=== Collected material ===
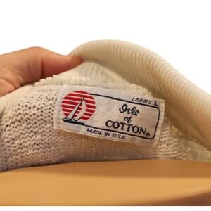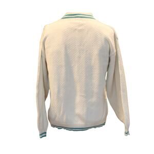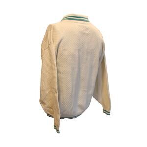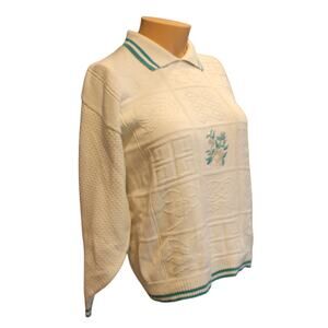 Vintage 80s White Floral Knit Preppy Collegiate Striped Hem Sweater Size Large
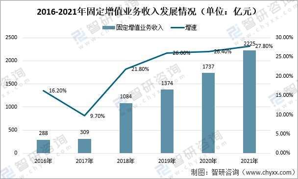 2016-2021年固定增值業(yè)務(wù)收入發(fā)展情況(單位:億元)
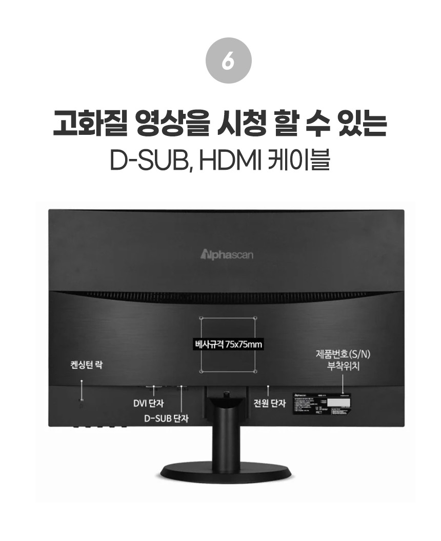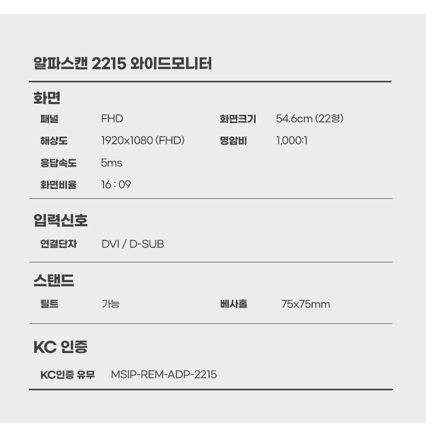 54.6cm(21.5인치)/1920x1080(FHD)/60Hz/TN/와이드(16:9)/평면/5ms/250cd/1,000:1/틸트(상하)/베사홀:75x75mm
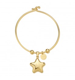 Braccialetto rigido da donna della collezione Stellar realizzato in acciaio anallergico dorato. Pendente a forma di stella. Diametro di 5,8 cm. Completo di scatola e garanzia.

=== The task ===
Set the data above down again exactly as given, with no pictures.

=== Result ===
 Vintage 80s White Floral Knit Preppy Collegiate Striped Hem Sweater Size Large
 2016-2021年固定增值業(yè)務(wù)收入發(fā)展情況(單位:億元)
 54.6cm(21.5인치)/1920x1080(FHD)/60Hz/TN/와이드(16:9)/평면/5ms/250cd/1,000:1/틸트(상하)/베사홀:75x75mm
 Braccialetto rigido da donna della collezione Stellar realizzato in acciaio anallergico dorato. Pendente a forma di stella. Diametro di 5,8 cm. Completo di scatola e garanzia.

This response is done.